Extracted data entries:
↓

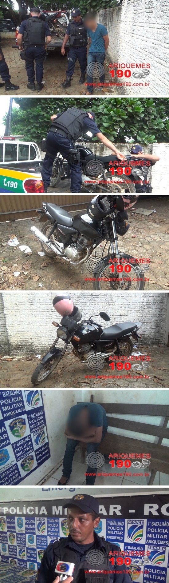 Por volta das 16h00min desta quinta-feira (19/05), a guarnição da Polícia Militar estava em patrulhamento pela Rua Alvares de Azevedo no Setor Colonial em Ariquemes, onde os Policiais avistaram uma motocicleta da marca Honda modelo CG de cor preta com a placa NEB-7063 estacionada em frente a uma residência. Os Policiais ao realizarem consulta veicular constataram que o veículo possuía restrição de roubo conforme o BOP sob n° 1533/2016 registrado na 3ª DPC no dia (18/05) quarta-feira. Diante da situação, os Policiais entraram em contato com o proprietário da residência que os informou que seu genro chegou com a motocicleta e o mesmo se encontrava no quarto ao lado. Em ato contínuo os Policiais localizaram o menor dentro do quarto deitado na cama, ao ser feito a abordagem foi localizado com o rapaz a chave do veículo e dois capacetes. Segundo o menor, este relatou que havia comprado o veículo pela manhã. Diante dos fatos, o infrator juntamente com a motocicleta foram conduzidos e apresentados na Delegacia Especializada no Atendimento a Mulher onde foi registrado o Boletim de Ocorrência Policial (BOP) sob o n° 800/2016 para as providências cabíveis. O menor havia sido apreendido no dia 16/05 (segunda-feira) com uma motoneta da marca Honda modelo Biz de cor preta roubada.
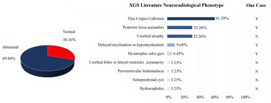 Qualitative analysis of the 18 papers included in our review showed that a sufficiently detailed description of the clinical phenotype was available for 67 patients, information on neuroimaging normality or abnormality was available for 63 patients, and a detailed description of the neuroradiological phenotype was available for 31 patients. The clinical presentation of the 67 XG patients reported in the literature was heterogeneous, with high rates of neurodevelopmental problems/disorders (speech delay, motor delay, and intellectual disability), as well as hypotonia, facial dysmorphisms, and ataxia. In addition, other less frequent features were observed (see Figure 3). Autism was described in only 28.36% of cases. Analysis of the 63 patients, of whom at least one brain MRI was available, revealed altered structural neuroimaging in 70% of patients: thinning of the corpus callosum, posterior fossa abnormalities, and brain atrophy were the main neuroradiological findings reported (Figure 4).
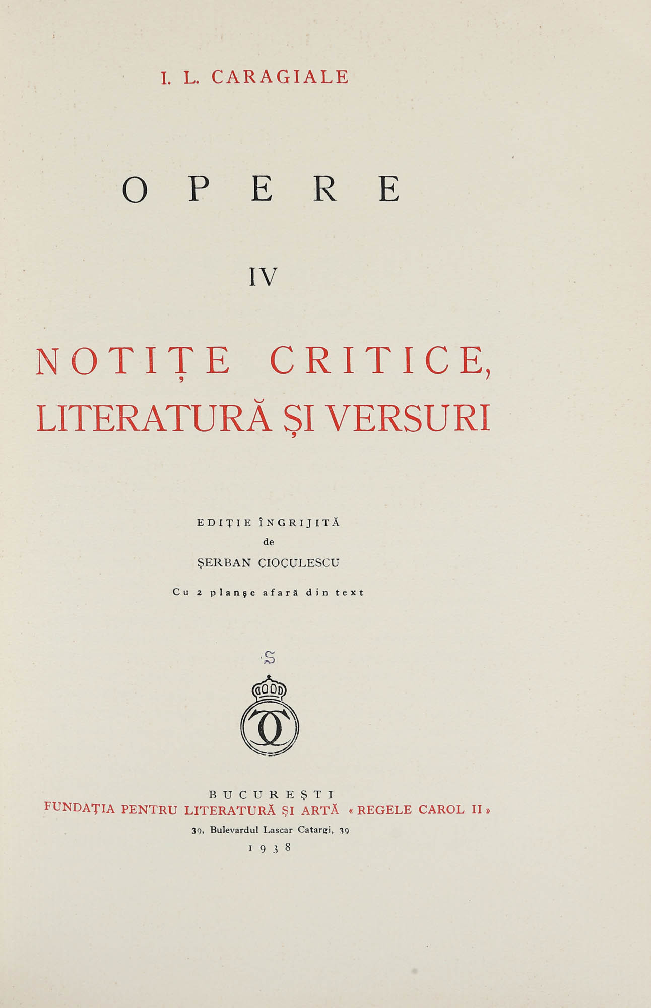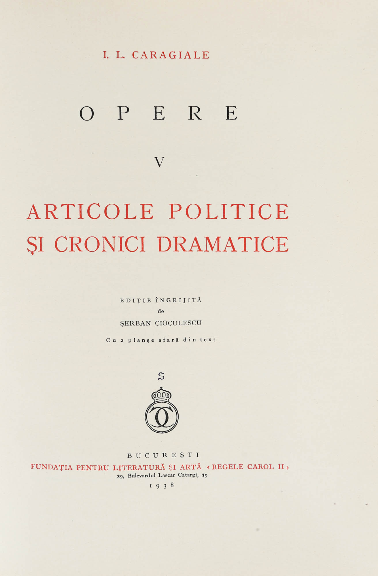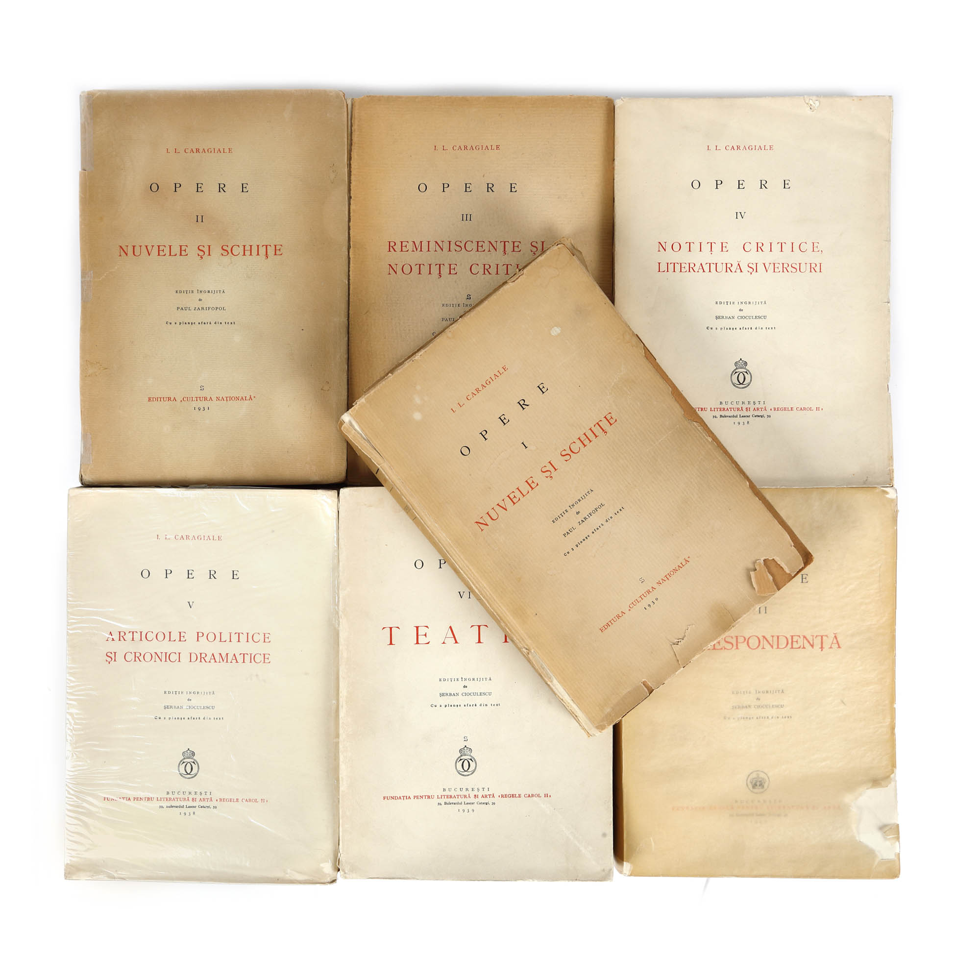 15. ”Opere”, de Ion Luca Caragiale, șapte volume, București, 1930-1942, ediție bibliofilă, cu dedicația lui Șerban Cioculescu către Barbu Slătineanu, provine din colecția Barbu Slătineanu
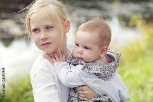 Cute little girls sisters outdoor (1 and 8 eyears old)
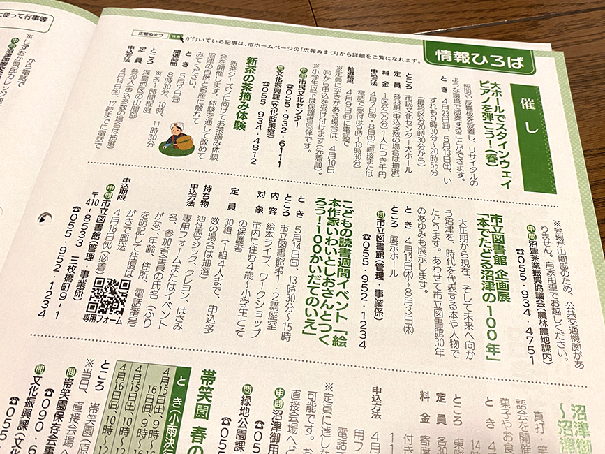 年度替わりということで、広報ぬまづもベースカラーがオレンジから緑に衣替えしています。情報ひろばも緑一色になって、様々な催しの情報などが掲載されています。
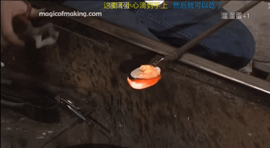 视频中,工人师傅需要将玻璃原料高温加热后,在其处于流体状态下快速塑形。
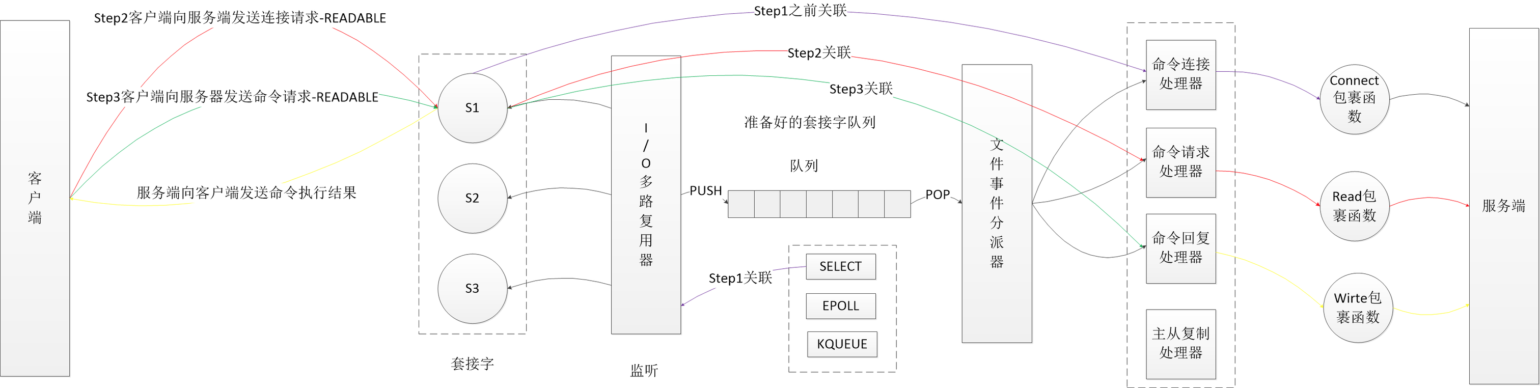 文件事件处理器组件框架图: 一个完整调用: step1服务端监听客户端连接请求 step2客户端请求与服务端建立连接 step3客户端发送命令请求到服务端 step4客户端读取服务端返回客户端命令执行结果 整个过程如下图所示:
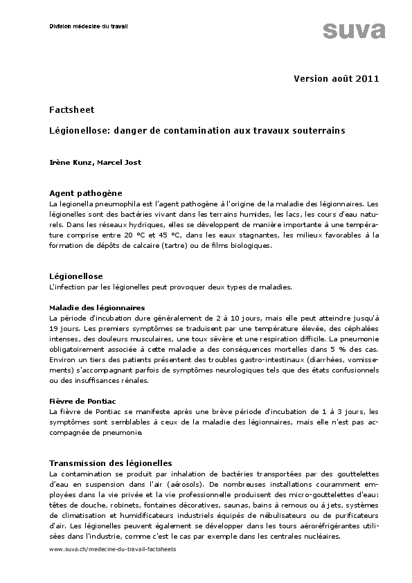 Des informations approfondies sur les légionelles dans le cadre de la médecine du travail (accent mis sur: prise en considération des travaux souterrains) figurent dans cette fiche thématique. Par exemple:
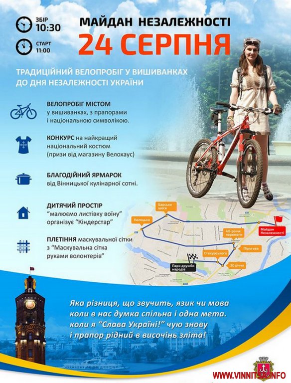 24 серпня у День Незалежності України Вінниця збереться на традиційний велопробіг у вишиванках, з прапорами і національною символікою. Учасниками веселого дійства можуть стати всі охочі.
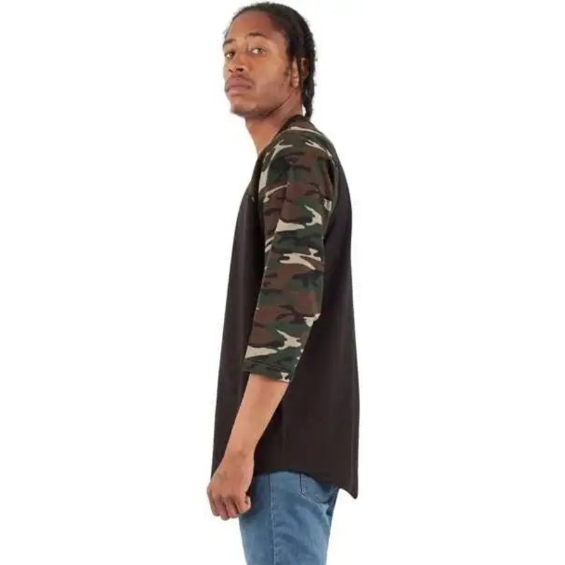 Shaka Wear SHRAGCM Unisex Three-Quarter Sleeve Camo Raglan T-Shirt – Black/ Camo Green

↑

• [WORK INSTRUCTION] From the records above, output only the lines starting at the one containing "视频中,工人师傅需要将玻璃原料高温加热后,在其处于流体状态下快速塑形。" and ending at the one containing "Des informations approfondies", word for word. Pictures stay out.

• [ANSWER BOX]
 视频中,工人师傅需要将玻璃原料高温加热后,在其处于流体状态下快速塑形。
 文件事件处理器组件框架图: 一个完整调用: step1服务端监听客户端连接请求 step2客户端请求与服务端建立连接 step3客户端发送命令请求到服务端 step4客户端读取服务端返回客户端命令执行结果 整个过程如下图所示:
 Des informations approfondies sur les légionelles dans le cadre de la médecine du travail (accent mis sur: prise en considération des travaux souterrains) figurent dans cette fiche thématique. Par exemple:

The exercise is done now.